Can the non-blocking communication be implemented with Linux PIPE to embody the concept of Micro Service?
When trying to build a machine learning API, it is often offered at a small efficiency and PoC level. If you do not want to wrap it in http (s) and make it REST, if it works on Linux, is PIPE good? ?
One of the difficulties especially when designing APIs for machine learning is that the APIs for models and data are quite large in image size. It's not as lightweight as a typical web service API built with golang, so it can be difficult or difficult to communicate with infrastructure people through regular API practices.
If you're trying to adapt to http microservices so far, why not do something similar with PIPE?
Although it is possible to conclude from the conclusion, various ingenuity is required.
The good thing about microservices APIs is that there are REST rules to manage the state through communication and to handle them beautifully. You can do something good if you keep this, but this practice does not extend to the Linux PIPE concept.
In many cases, PIPE itself is often realized by independently moving each IO in the order of input-> output, and is often not based on the idea of outputting one output immediately according to one input is. (Some hacks exist)
In Python, you can launch various programs from Python and handle them.
By specifying subprocess.PIPE for the input and output of the started program, it is possible to communicate with the started Python
For example, in the following example, grep is started from Python, and the data of a, b, c, d is input, and only the data of a specific condition is filtered.
from subprocess import Popen
from subprocess import PIPE
inputs = '''
a,10
b,20
c,30
'''
with Popen(['grep', 'b'], stdin=PIPE, stdout=PIPE) as proc:
with proc.stdin as stdin:
stdin.write(bytes(inputs+'\n', 'utf8'))
with proc.stdout as stdout:
print(stdout.read().decode('utf8').strip())
This output looks like this
$ python3 sample01.py
b,20
STDIN, STDOUT, etc. are expected to work synchronously in Python, and ordinary simple code cannot read and write at the same time.
I wrote it with asyncio with Python 3.7.4, but it seems that the behavior such as blocking may not be reproducible, and PIPE support does not seem to be enough yet.

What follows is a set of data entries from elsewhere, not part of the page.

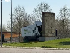 El Servicio de Emergencias 112 de Castilla y León ha recibido la alerta del siniestro a media mañana, cuando se ha informado de que el vehículo especial se había salido de su carril. La máquina ha terminado colisionando directamente contra la propia infraestructura de la rotonda.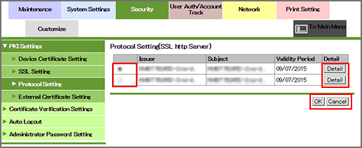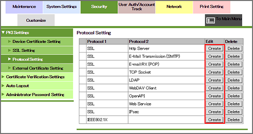 Click [PKI Settings] - [Protocol Setting] on the menu of [Security] tab to display this screen. This screen is not displayed without any SSL certificate installed.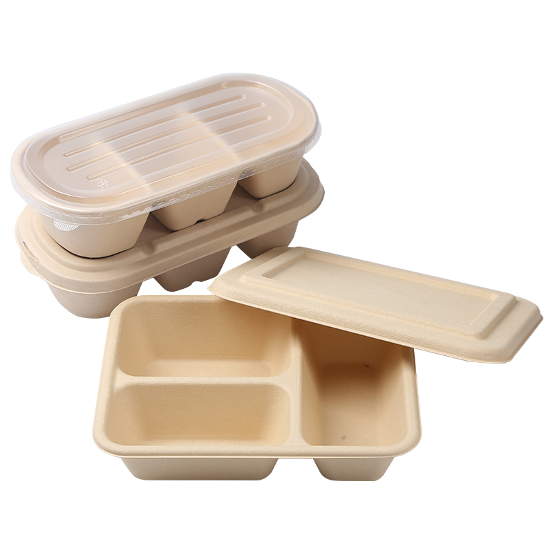 Pulp three-grid lunch box Disposable environmental degradable delivery bento box Fitness lunch box with lid Salad box

There is often such a drawing in the example in PIPE, and it looks as if it can communicate in both directions, but it is incorrect....
In practice, blocking can occur (but most often) after writing in proc.stdin
, and this is what this looks like.
To solve this problem, you need to write a little special.
Introducing code that performs two-way operations of reading and writing asynchronously for a child process started from the parent process Python by using the Python os
library
#!/usr/bin/env python3
import time
from subprocess import Popen
from subprocess import PIPE
from concurrent.futures import ProcessPoolExecutor as PPE
from concurrent.futures import ThreadPoolExecutor as TPE
import sys
import os
def reader(fd):
tmp = b''
while True:
bc = os.read(fd, 1)
if not bc:
break
if bc != bytes('\n', 'utf8'):
tmp += bc
else:
print('scanned', tmp.decode('utf8').strip(), end='\n', flush=True)
tmp = b''
def writer(fd):
crypt_shakespear = open('./crypt_shakespear.txt').read()
for i in range(0, len(crypt_shakespear), 128):
for ch in crypt_shakespear[i:i+128]:
os.write(fd, bytes(ch, 'utf8'))
os.write(fd, bytes('\n', 'utf8'))
os.sync()
time.sleep(0.5)
def driver(arg):
func, fd = arg
r = func(fd)
return r
def main():
proc = Popen(['docker', 'run', '-i', 'pipe_api'],
stdin=PIPE,
stdout=PIPE)
stdout = proc.stdout
stdin = proc.stdin
with PPE(max_workers=16) as exe:
for r in exe.map(driver, [(writer, stdin.fileno()), (reader, stdout.fileno())]):
r
stdin.close()
main()
What I am doing is that both need to run both to read and write stdin and stdout asynchronously, so the thread and multiprocessing libraries operate the write function and the read function, respectively. The function is invoked in parallel in the main statement.
At this time, take out the file descriptor of this pipe, as in proc.stdin.fileno ()
, proc.stdout.fileno ()
, and read and write with os.write
, os.read
And can work asynchronously.
In this example, PyTorch models that have been trained to break the code are thrown into a docker machine learning interface that has the function of inferring and breaking the code as one line, one data.
The decrypted data comes back over multiple lines.